Department of Anesthesiology, Pharmacology and Therapeutics, University of British Columbia, Vancouver, British Columbia, Canada.
Department of Family Practice, University of British Columbia, Vancouver, British Columbia, Canada.
Pharmacoepidemiol Drug Saf. 2019 Aug;28(8):1067-1076. doi: 10.1002/pds.4804. Epub 2019 Jul 3.
To assess the impact of a government-sponsored reimbursement policy for cholinesterase inhibitors (ChEIs) on trends in physician visits with a diagnosis of Alzheimer's disease (AD).
Longitudinal population-based study using interrupted time series methods.
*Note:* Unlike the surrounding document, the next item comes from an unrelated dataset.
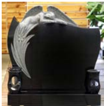
Granítluktir og vasar í stíl við legsteininn er nýjung sem hefur verið vel tekið.

Þá tekur Graníthöllin að sér viðgerðir og viðhald á legsteinum. „Það borgar sig að gera við

British Columbia outpatient claims data for individuals aged 65 and older were used to compute monthly AD visit rates and examine the impact of the ChEI reimbursement policy on the coding of AD. We examined trends in the number of patients with AD visits, the number of AD visits per patient, and visits with "competing" diagnoses (mental, neurological, and cerebrovascular disorders and accidental falls). Finally, we described demographic and clinical features of diagnosed patients.
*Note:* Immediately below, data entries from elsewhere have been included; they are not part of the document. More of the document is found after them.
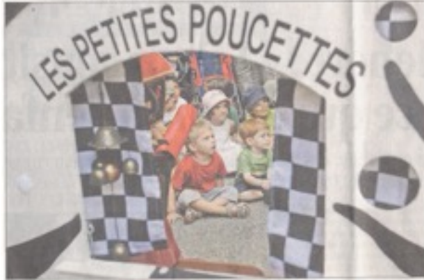
Les Petites poucettes servent encore au menu de ce vendredi

Bienvvenue aux ateliers Mais c'est dans les ateliers que se pressait la foule des enfants. Sur ce point, ce festival est unique en son genre. Imaginé pour les enfants, il se nourrit de cette passion et de l'envie formidable d'ouvrir à tous les bambins de nouveaux espaces d'expressions, de découvertes, de créations et de liberté. Les ateliers sont l'originalité d'Idéklic et la légitime fierté des organisateurs. Impossible ici d'en dresser une liste exhaustive. Disons qu'ils sont conçus pour une démarche intelligente dont l'enfant est l'acteur. Pour faire simple, on peut les classer en sept catégories : explorations et créations musicales (8 ateliers), découvertes et créations sur matières (13 ateliers), ateliers
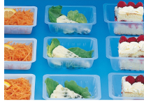
BARQUETTE CAISSIPACK TRANSPARENTTE 125G
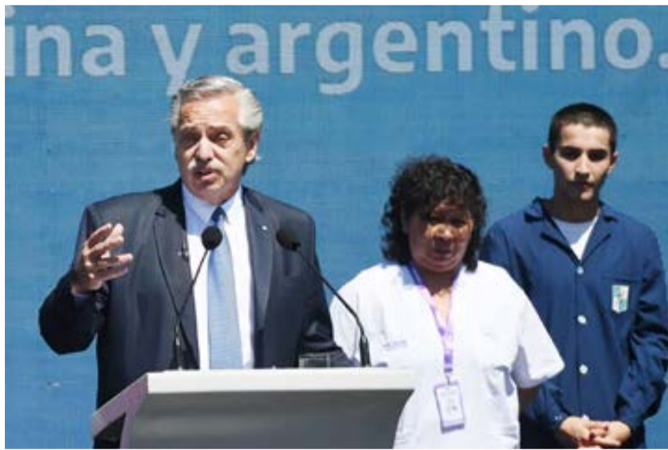
Sobre el final del tercer año de su gestión, sin Cristina Kirchner, sin la primera plana del sector duro del Gobierno, y en medio de la euforia mundialista, Alberto Fernández ratificó ayer, en un acto en la Casa Rosada, sus intenciones de competir por la reelección en 2023.

En la Casa Rosada son conscientes de las resistencias que provoca, especialmente en el kirchnerismo, cualquier manifestación sobre las intenciones de reelección. Sin embargo, aseguran que el primer mandatario está convencido, a pesar de la falta de apoyos internos y de su pobre imagen en las encuestas, de que tiene posibilidades de imponerse dentro del Frente de Todos en las PASO y, eventualmente, en la batalla posterior contra Juntos por el Cambio, en los comicios generales del 2023.

We analyzed 1.9 million AD visits. Faster growth in recorded AD visits was observed after the policy was implemented, from monthly growth of 7.5 visits per 100 000 person-months before the policy (95% confidence interval [CI], 6.1-8.9) to monthly growth of 16.5 per 100 000 person-months after the policy (95% CI, 14.8-18.3). After the implementation of the policy, we observed increased growth in the number of patients with recorded AD visits and the number of AD visits per patient, as well as a shift in diagnoses away from mental diseases and accidental falls to AD (diagnosis substitution).
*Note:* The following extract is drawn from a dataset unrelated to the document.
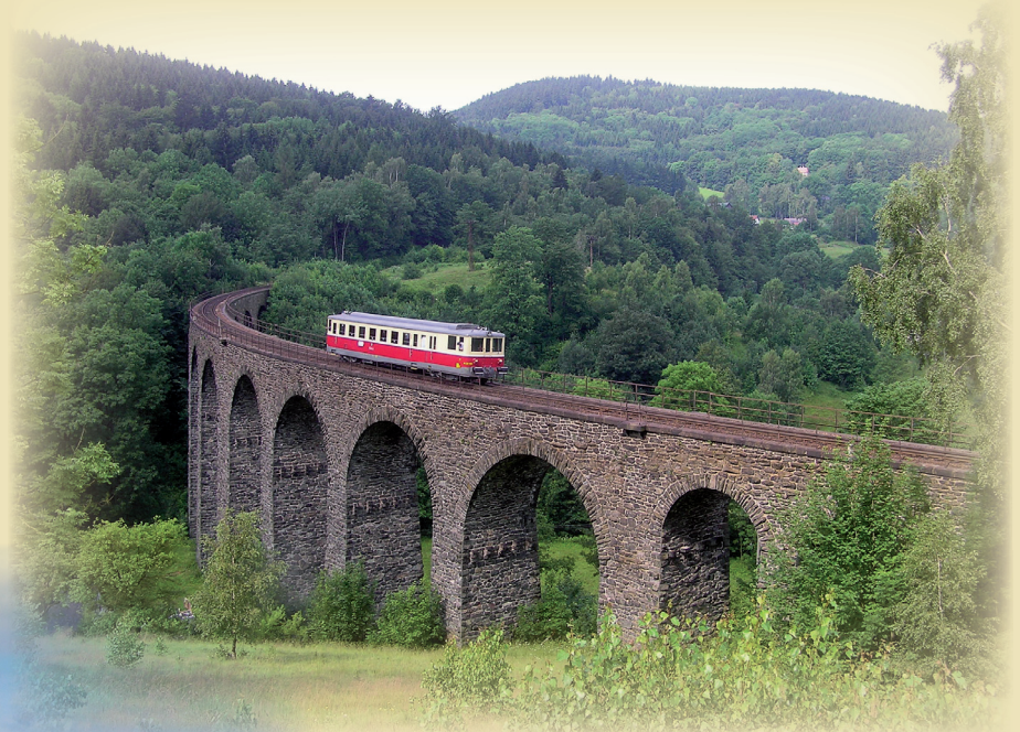
Jízdní řád Kamenický motoráček 2011

British Columbia's reimbursement policy for ChEIs was associated with a significant acceleration in Alzheimer's visits. Evaluations of health services utilization and clinical outcomes following drug policy changes need to consider policy-induced influences on the reliability of the data used in the analysis.
评估政府赞助的胆碱酯酶抑制剂 (ChEI) 报销政策对伴有阿尔茨海默病 (AD) 诊断的医生就诊趋势的影响。
使用中断时间序列方法进行的纵向基于人群的研究。使用不列颠哥伦比亚省 65 岁及以上个体的门诊索赔数据来计算每月 AD 就诊率,并检查 ChEI 报销政策对 AD 编码的影响。我们检查了 AD 就诊患者数量、每位患者就诊次数以及伴有“竞争”诊断(精神、神经和脑血管疾病以及意外跌倒)的就诊次数的趋势。最后,我们描述了诊断患者的人口统计学和临床特征。
我们分析了 190 万例 AD 就诊。在实施该政策后,记录的 AD 就诊次数增长更快,政策实施前每月每 10 万人月增长 7.5 次(95%置信区间 [CI],6.1-8.9),政策实施后每月增长 16.5 次(95% CI,14.8-18.3)。在该政策实施后,我们观察到记录的 AD 就诊患者数量和每位患者就诊次数的增长加速,以及诊断从精神疾病和意外跌倒向 AD 的转变(诊断替代)。
不列颠哥伦比亚省的 ChEI 报销政策与阿尔茨海默氏症就诊次数的显著加速有关。在药物政策变化后,对卫生服务利用和临床结果进行评估时,需要考虑政策对用于分析的数据可靠性的影响。